New frontiers in echocardiography: hand-carried ultrasound devices

Erik Sloth, MD, PhD, DMSc, Consultant of Cardiothoracic Anaesthesiology*

Department of Anaesthesiology, Skejby Sygehus, Aarhus University Hospital, 8200 Aarhus N, Denmark

* Tel.: +45 8949 5566. sloth{at}dadlnet.dk

Sir,

It was with great interest I joined Euroecho 2003 in Barcelona in December.

As an anaesthesiologist and intensivist I found the secession "New frontiers in echocardiography: "Hand-carried ultrasound devices (HCU)"" very exciting.

All speakers heavily advocated for a more widespread use of echocardiography with statements such as, "Not only cardiologists, but all health care personal should learn TTE, also in the primary care". The question: "Who will use these devices?", was answered "every one" and it was suggested that guidelines for other than cardiologists should be made and that "cardiologists should teach intensivists".

My question is, is this the general opinion among cardiologists or only representative for a small group of HCU enthusiasts?

Another interesting issue was the fact that the advertised expansion was not founded on new and scientifically based data. The only arguments were that HCU's make TTE easier. "In five years everybody has a pocket machine", was an argument.

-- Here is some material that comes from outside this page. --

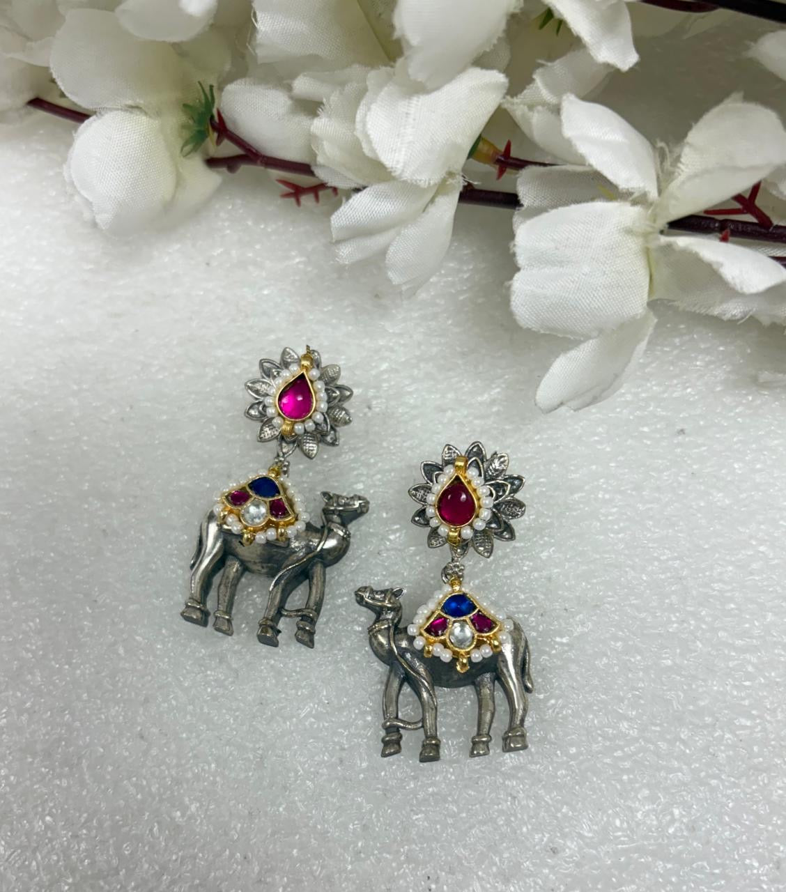 Elegant oxidised silver earrings with intricate elephant motifs, ruby-red stones, and dangling chains for a graceful ethnic charm."

Portable or not should not be decisive. TTE should be carried out on clinical indications – diagnostic or for hemodynamic optimisation. The goal is to get the right information on the physiological determinants (preload, afterload, contractility, compliance and relaxation) together with present pathology in time and by means of the best method. These considerations are the basis for the arguments we adduce as anaesthesiologists and intensivists in the encouragement for a more widespread use of TTE.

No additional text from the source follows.